Смеющийся повар поставил перед гостьями изысканные блюда.
– Поскольку лапки этих птиц не приспособлены для того, чтобы цепляться за ветки, – пояснил Жан, – они вьют гнезда не на деревьях, а в расщелинах тридцати одного охраняемого острова и вот здесь, в пещере. Одно тайское племя обладает правом приближаться к гнездам – их называют чао-хо, они живут в хижинах, наспех сооруженных специально для сезона «урожая» на вершинах скал или на склонах холмов. Ловцы плетут бамбуковые веревки, рискуют жизнью и часто погибают. Они карабкаются на скалы, пробираясь в расщелины, чтобы заполучить гнездо. В ладони помещается по два гнездышка, по форме они напоминают ракушки Сен-Жак.

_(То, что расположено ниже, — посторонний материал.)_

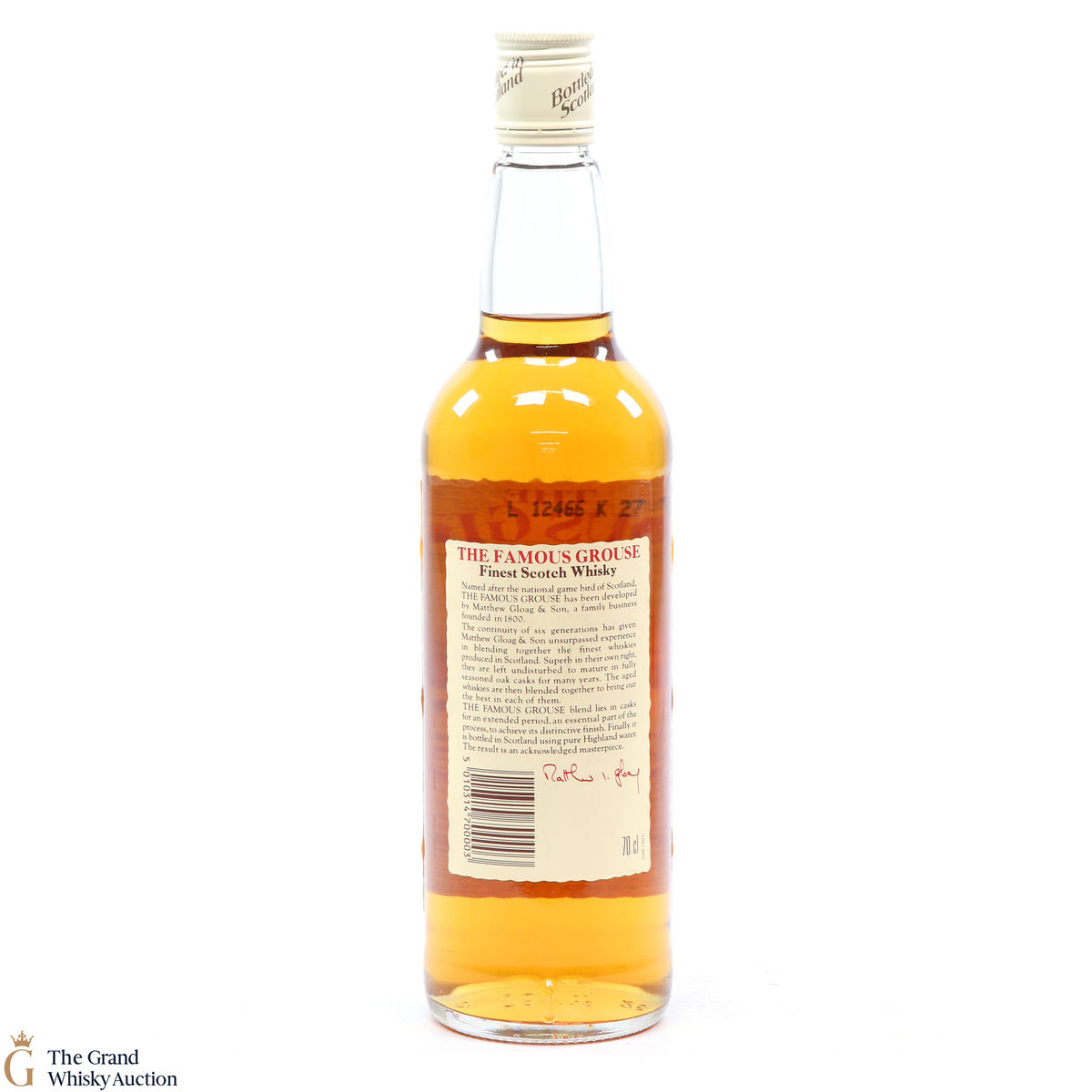 Famous Grouse blended scotch whisky was first produced by Matthew Gloag & Son Ltd in 1896, and is currently produced and owned by The Edrington Group.
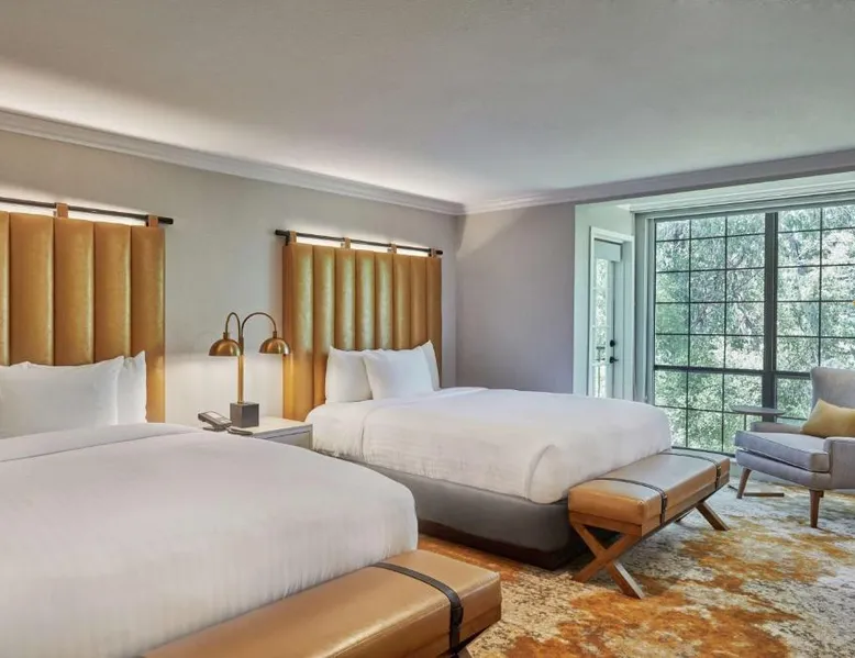 Comfortable Accommodations: The Inn at Saratoga in Saratoga offers family rooms with air-conditioning, balconies, and modern amenities. Guests enjoy free WiFi, bathrobes, and flat-screen TVs. Dining and Leisure: The modern, family-friendly restaurant serves vegetarian, vegan, and gluten-free options. Additional facilities include a fitness center, sun terrace, and outdoor fireplace. Convenient Location: Located 9.9 mi from Norman Y. Mineta San Jose International Airport, the inn is near attractions such as Winchester Mystery House (6.8 mi) and San Jose Convention Center (11 mi). Guests appreciate the room comfort and cleanliness. This suite has air conditioning, a tea and coffee maker, a flat-screen TV with cable channels and a balcony. The unit has 2 beds.

Когда отбираешь у птиц одно гнездо, они вьют второе, надеясь отложить там яйца, но второе гнездо тоже отбирают. Третье, замаранное кровью, все же оставляют, несмотря на то что люди готовы пожертвовать жизнью ради гнезда.
– Какая жестокость! – возмутилась Эммануэль. – Больше не съем ни кусочка.
Мимо друзей медленно и царственно прошествовал мужчина в сопровождении четырех юных красавиц – каждая несла на голове тяжелую корзину.
– Это один из предводителей племени со своими женами, – заметил Жан.
– Четыре жены! Я думала, что сиамские законы разрешают иметь только одну жену.
– Ему наплевать на законы. Риск придает жизни особый вкус.
Предводитель бросил заинтересованный взгляд на грудь Эммануэль. Жены дружелюбно улыбнулись гостям.
– Видишь, – сказала Эммануэль. – Они не ревнуют.
– Может, им хочется, чтобы ты стала пятой женой, – предположила Анна Мария.
– Пойдемте, нам еще полчаса ехать, – предложил Жан.
Обжигающий жаркий воздух на выходе из пещеры на какое-то время лишил компанию дара речи. Лишь спустя несколько километров Анна Мария снова начала разговор:
– Четыре жены довольствуются одним мужем, потому что слишком многие мужчины погибают, добывая гнезда?
– Довольствуются! – восклицает Эммануэль. – А почему ты думаешь, что их это не устраивает?
– Они свободны, – уверяет Жан. – Но им не хочется быть единственными супругами.
– Почему?
– Им было бы стыдно.
– Брак для двоих – гиблое дело, – заключает Эммануэль.
– Значит, мало вам измен, подавай еще и полигамию, – возмущается Анна Мария.
– Давайте оставим эту архаическую чушь, – добродушно предлагает Жан. – Быть полигамным – значит уметь себя делить. А мы, напротив, добиваемся единения. Мы продолжаем с другими людьми делать то, чего достигли в паре.
– Не вижу разницы.
– Например, брак втроем – это противоположность полигамии, – объясняет Эммануэль.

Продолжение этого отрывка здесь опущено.